YOUR GOAL – When copying the data below, keep only the lines from the one with "- Über 750 Millionen" through the one with "Bojonegoro, bojonegoro.bawaslu.go.id - Perpanjangan", word for word, and skip the pictures.

EXTRACTED DATA –
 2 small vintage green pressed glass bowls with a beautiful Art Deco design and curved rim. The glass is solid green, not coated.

...

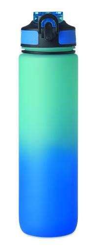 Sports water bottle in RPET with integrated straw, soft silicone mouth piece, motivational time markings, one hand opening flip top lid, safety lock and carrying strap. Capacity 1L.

==

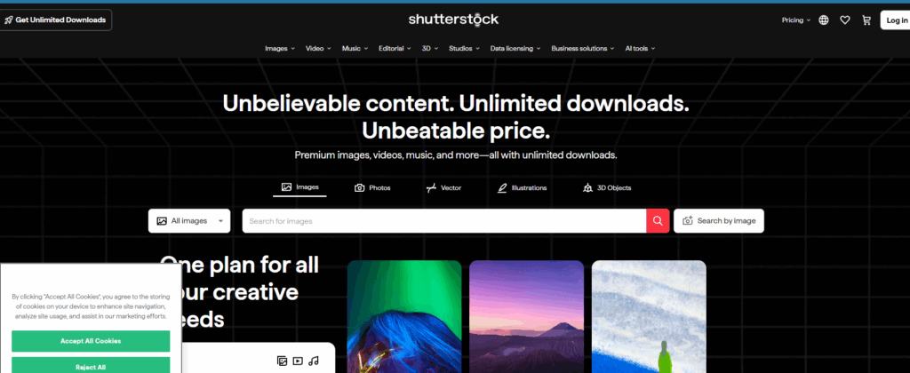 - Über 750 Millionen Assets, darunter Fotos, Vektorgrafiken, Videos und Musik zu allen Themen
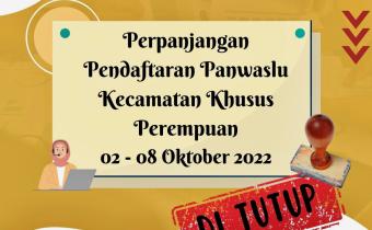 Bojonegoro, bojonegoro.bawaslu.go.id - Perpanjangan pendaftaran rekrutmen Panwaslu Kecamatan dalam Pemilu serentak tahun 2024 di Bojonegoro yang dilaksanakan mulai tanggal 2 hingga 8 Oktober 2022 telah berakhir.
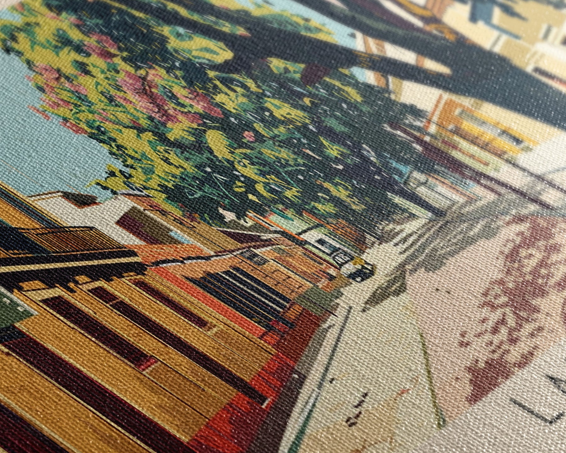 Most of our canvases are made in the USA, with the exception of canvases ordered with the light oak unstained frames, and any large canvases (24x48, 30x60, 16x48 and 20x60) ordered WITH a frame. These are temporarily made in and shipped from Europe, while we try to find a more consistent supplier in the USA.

SOLVED PROBLEM –
 - Über 750 Millionen Assets, darunter Fotos, Vektorgrafiken, Videos und Musik zu allen Themen
 Bojonegoro, bojonegoro.bawaslu.go.id - Perpanjangan pendaftaran rekrutmen Panwaslu Kecamatan dalam Pemilu serentak tahun 2024 di Bojonegoro yang dilaksanakan mulai tanggal 2 hingga 8 Oktober 2022 telah berakhir.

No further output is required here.